By contrast, the second subfield, which I argue is characteristic of environmental justice, is continuous, showing how historical patterns persist even across social and ecological transformations. I trace this version of environmental thought through a multicultural corpus of novels consisting of Ralph Ellison’s Invisible Man, Ishmael Reed’s Mumbo Jumbo, Helena María Viramontes’ Under the Feet of Jesus, Linda Hogan’s Solar Storms, and Octavia Butler’s Parable of the Sower and Parable of the Talents.
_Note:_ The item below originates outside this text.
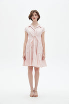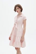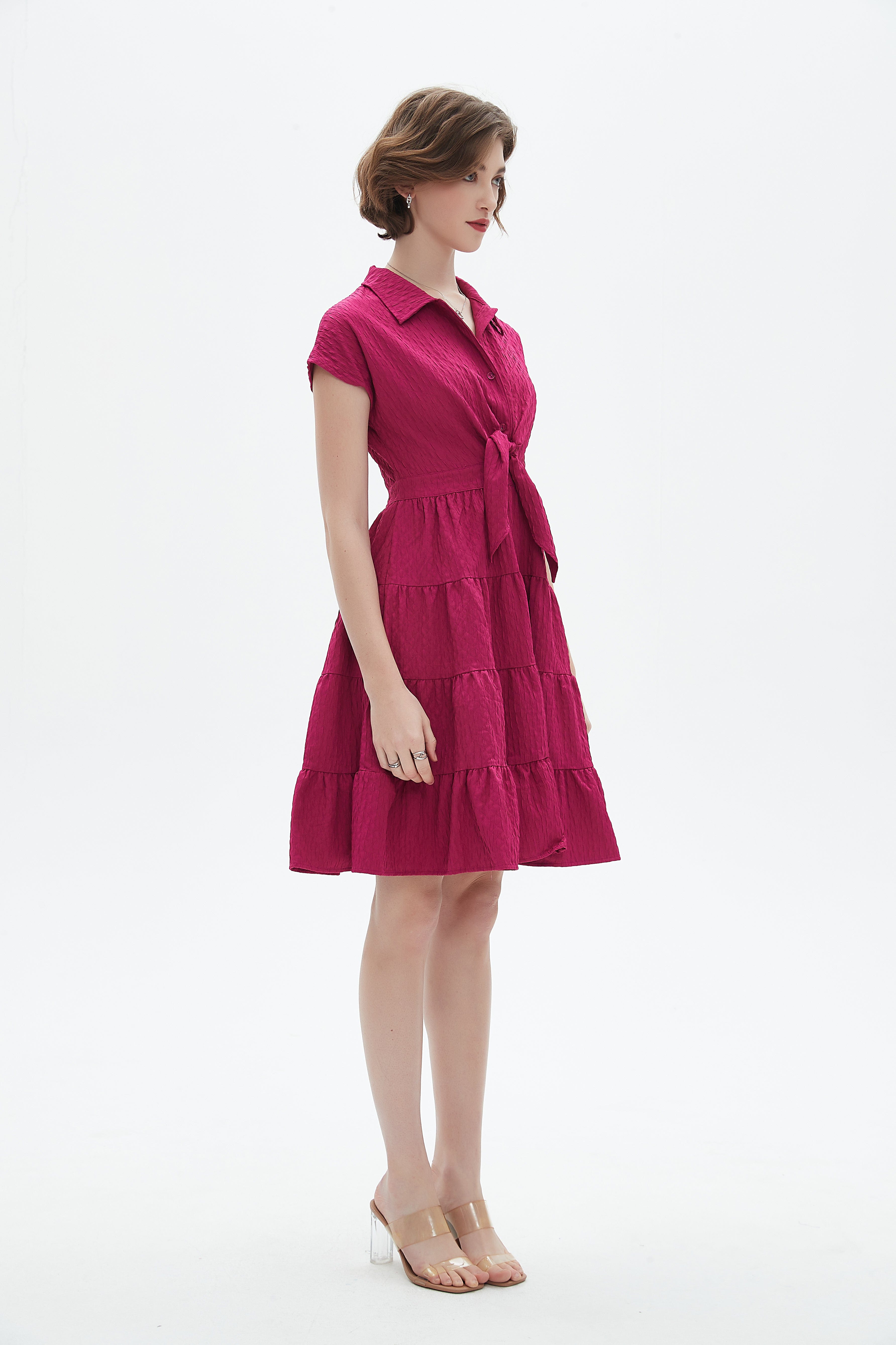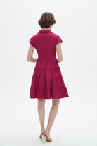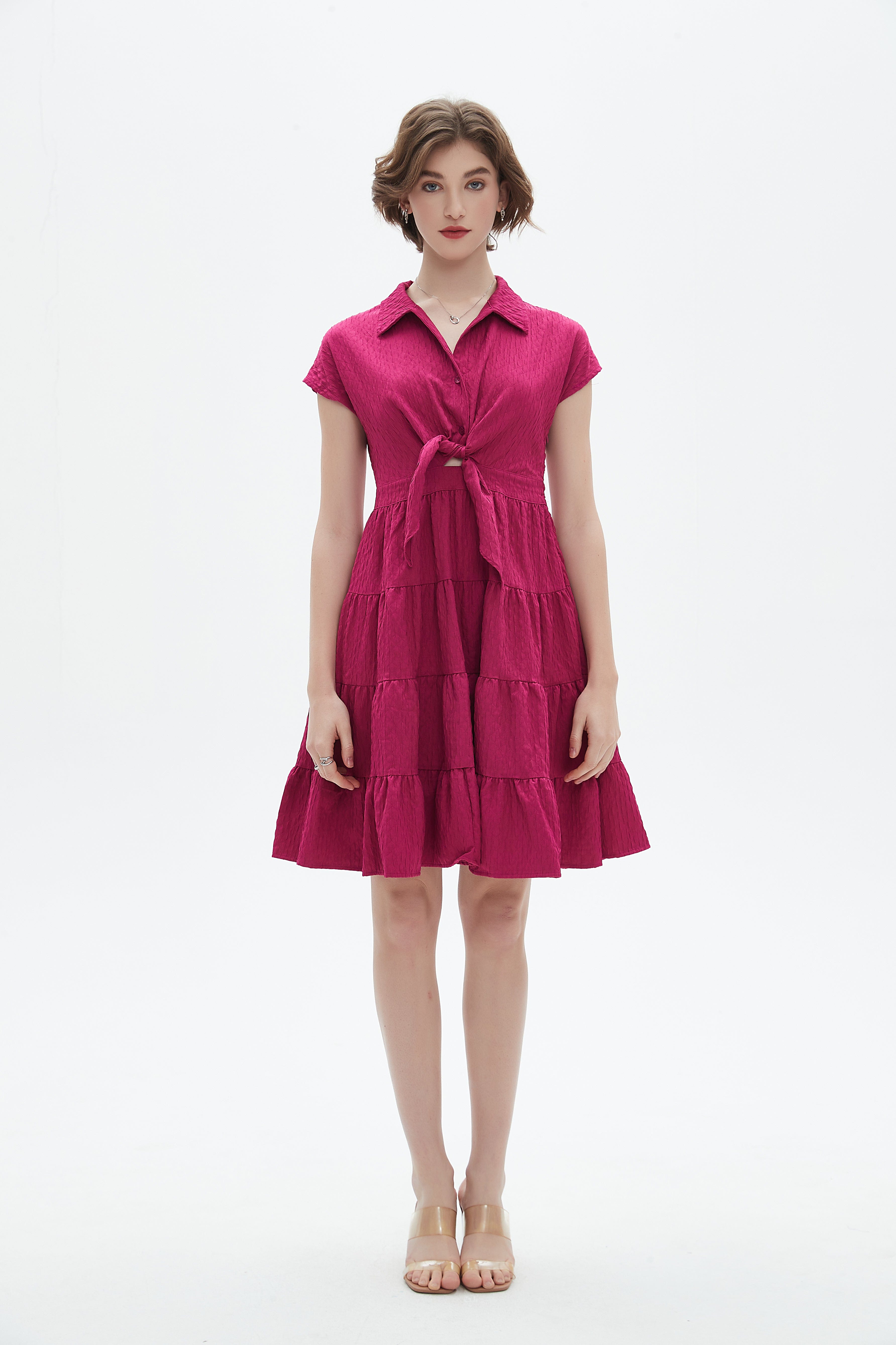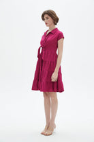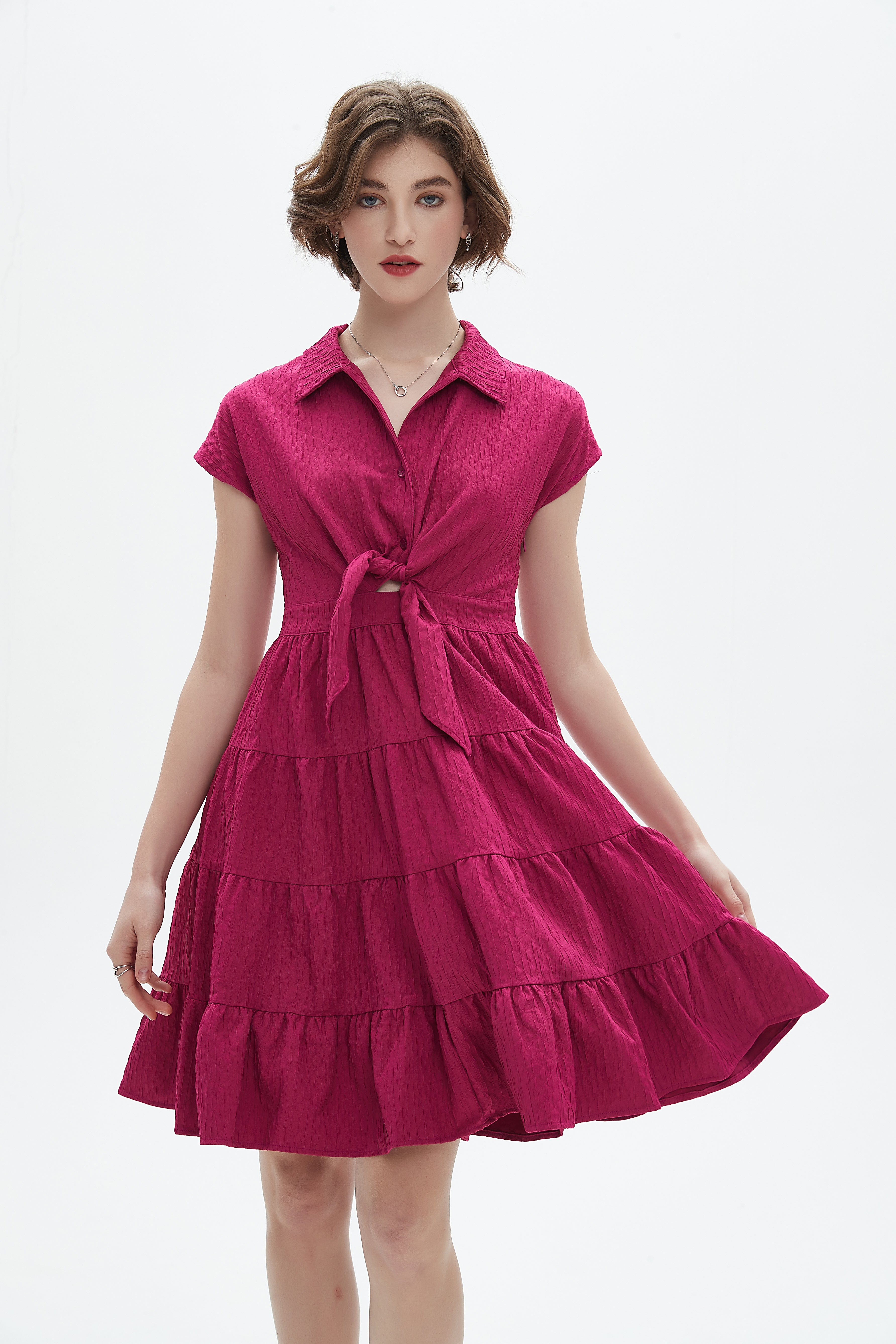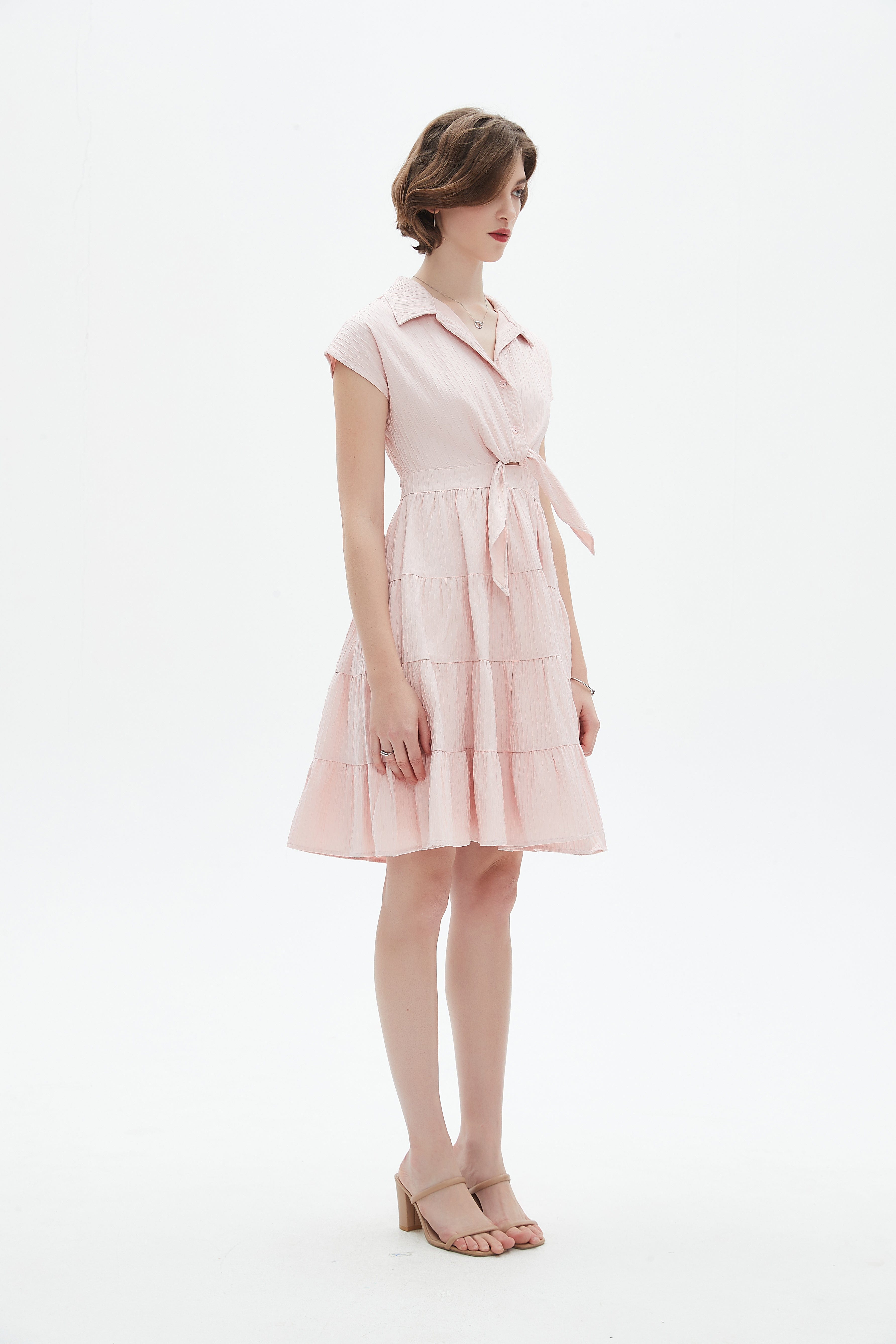 فستان مكشكش قصير بكم قصير وياقة قميص

Some of these novels do not document specific instances of environmental degradation or environmental injustice and, as a result, have not been critically interpreted as relevant for environmental analysis; others are more explicit in their discussion of environmental issues and are recognized as part of the canon of American environmental literature. However, I demonstrate that, across all of these texts, counterhegemonic understandings of history inform resistance to environmental degradation and exploitation. These texts show that environmental problems cannot be fully understood, nor environmental futures addressed, without recognizing the way that social histories of inequality and environmental histories of extraction continue to structure politics and ecology in the present.

Ultimately, then, the project offers three conclusions. First, it suggests that the second version of environmental temporality holds more value than the first for environmental cultural studies, in that it more compellingly and accurately represents the social implications of environmental issues. Second, it shows that “environmental literature” is most usefully understood not as the literature that explicitly treats environmental issues, but rather as the literature that helps to produce the sense of time that contemporary environmental crises require. Third, it shows how literary works can not only illuminate the relationship between American ideas about nature and social justice, but also operate as a specifically literary form of eco-political activism.